Intrauterine Levonorgestrel Device in Patients with Endometriosis

Completed

• Conditions: Clinically symptoms of endometriosis; dysmenorrhea; dyspareunia; Reproductive Health and Childbirth - Other reproductive health and childbirth disorders

• Registration Number: ACTRN12614000015640
• Lead Sponsor: Istanbul Medeniyet University Goztepe Education and Research Hospital

Brief Summary

Not available

Detailed Description

Not available

Study Timeline

• Results First Posted: 1900-01-01
• Study Start: 2014-01-07
• Last Update Posted: 13 January 2020

Recruitment & Eligibility

• Status: Completed
• Sex: Female
• Target Recruitment: 48

Inclusion Criteria

All women have endometriosis symptoms. All of the women had regular menstrual periods (25–35 day intervals) for at least 6 months before particapting in the study, had not used any hormonal therapy for at least 6 months prior to the study. None of the women had been breastfeeding or had a desire to conceive in the ensuing 12 months. They had no history of osteoporosis, coagulation disorders, or contraindications to LNG-IUS.

Exclusion Criteria

The exclusion criteria included non-diagnosed vaginal bleeding, gynecological cancer history, chronical diseases such as liver pathologies or diabetes mellitus, pelvic inflammatory disease, septic abortion history in the last 3 months, malignancy doubt in biopsies, fertility desire, the uterus size bigger than 10 weeks of gestational age, submucosal leiomyoma or polyp, having a diagnosis of a gynecologycal pathology other than endometriosis and a history of hormonal medication usage in the last 3 months.

Study & Design

• Study Type: Interventional
• Study Design: Not specified

Primary Outcome Measures

Name	Time	Method
To measure improvements in severity and frequency of pain. Each patient was asked to complete questioannaries of SF-36 and visual analogue scales (VAS) in the first visit and 3rd, 6th, 9th and 12th months of the study. These scales recorded the non-cyclic pain, dysmenorrhoea, severity of dyspareunia symptoms effects on life quality and degree of satisfaction after treatment. [The patients were assessed physically, sonographically and mentally at the beginning of the study and then periodically after the first visit at the 3rd, 6th, 9th and 12th months of the study.]

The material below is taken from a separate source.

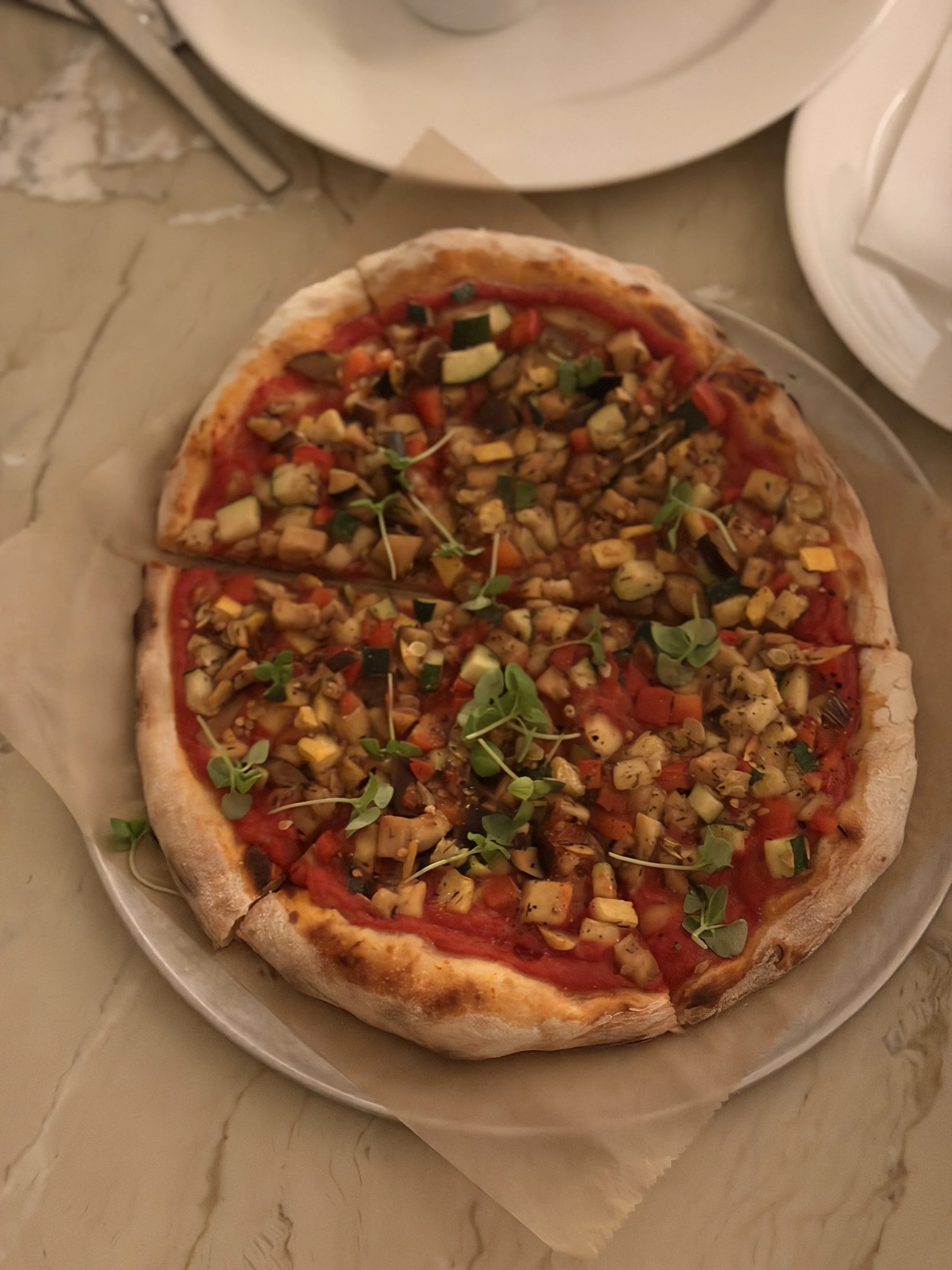 The Vegetable and Crushed Tomato pizza was vibrant, rustic, and deeply satisfying. A crisp yet chewy crust set the stage for a bright, slow-simmered tomato base that tasted fresh and balanced. Tender roasted eggplant and zucchini added richness and body, while fragrant basil brought a pop of herbaceous freshness. A gentle sprinkle of chili flakes delivered just enough heat to keep each bite lively without overpowering the vegetables. Simple, honest, and full of flavor, this pizza showcased how plant-forward cooking can feel both comforting and elevated—perfect for sharing as the evening eased us into vacation mode.

Secondary Outcome Measures

Name	Time	Method
Serum CA-125 levels were measured in the plasma samples of each participant by the laborotory. Changes in the Ca-125 levels were noted accordingly.[patients assessed every 3 months for a total of 12 months period.];The menstrual symptoms such as noncyclic bleeding, menorrhagia, acnes, mood swings were each evaluated by patient questionnaires in each visit.[The participants were assessed every 3 months for a total of 12 months period.]